Tubuh Runa tidak bergerak sama sekali, hingga Liam menghentikan senandungnya. Dia mencoba untuk mengintip apakah Runa sudah tertidur atau belum. Namun dirinya justru mendapati sang istri yang masih membuka kelopak matanya.
"Belum bisa tidur?"
"Hmm."
Liam menghela napas dengan pelan, lalu berusaha untuk membalikkan tubuh wanita itu untuk menghadap ke arahnya. Pria itu merapikan rambut yang menutupi sebagian wajah sang istri, menyelipkannya ke belakang telinga. Kemudian tangannya menangkup sisi wajah Runa, mengusap ibu jari tepat di bawah mata wanita tersebut.

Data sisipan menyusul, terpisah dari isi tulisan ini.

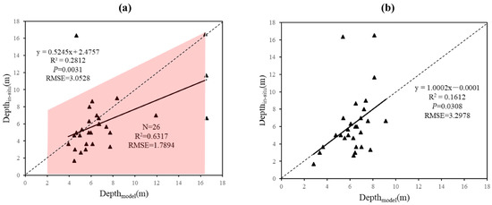 Correlation between actual water depth and model retrieved water depth (N = 29). The solid line is the fitted trend line, and the dashed line is the y = x line. (a) The exponential model used in this paper. The points in the red area are when the retrieval water depth data is within 16.5 m, except an abnormal point. The fitting effect is better, with the R2 reaching 0.6317; (b) the polynomial model.
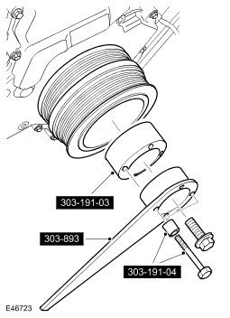 50. Using the special tools, retain the crankshaft pulley
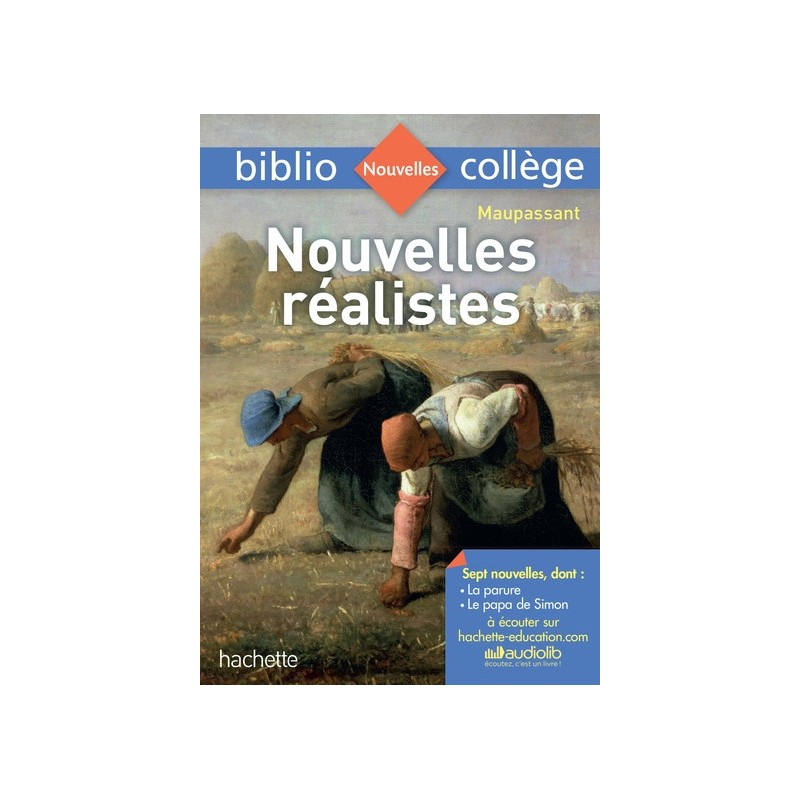 Ce Bibliocollège regroupe 7 nouvelles réalistes de Maupassant, en lien avec le thème au programme de 4e « La fiction pour interroger le réel » : Aux champs (questionnaire : la place de l'argent au XIXe siècle), La parure (questionnaire : un conte de fée cruel), Clochette (questionnaire : le secret d'une vie), Boitelle (questionnaire : le triomphe des préjugés ?), Le papa de Simon (questionnaire : seul face au groupe), Le trou (questionnaire : une farce noire) et Toine (questionnaire : un ogre de farce).

Dalam keremangan kamar, Liam dapat melihat bagaimana lelahnya mata sang istri. Liam tahu kalau akhir-akhir ini Runa kembali insomnia. Dia juga sudah berusaha untuk membantu wanita itu tertidur dengan cara menepuk-nepuki punggung, bokong, atau mengelus kepala. Namun justru berakhir dengan dirinya yang terlelap lebih dahulu.
"Mau aku bikinin susu?" tawar pria itu.
Runa pun menggeleng. Dia merasa bahwa susu tak akan mempan untuk membuatnya tertidur. Jadi, percuma saja.
"Terus gimana? Kamu nggak kasihan sama tubuh kamu? Tubuhmu juga perlu istirahat, Na."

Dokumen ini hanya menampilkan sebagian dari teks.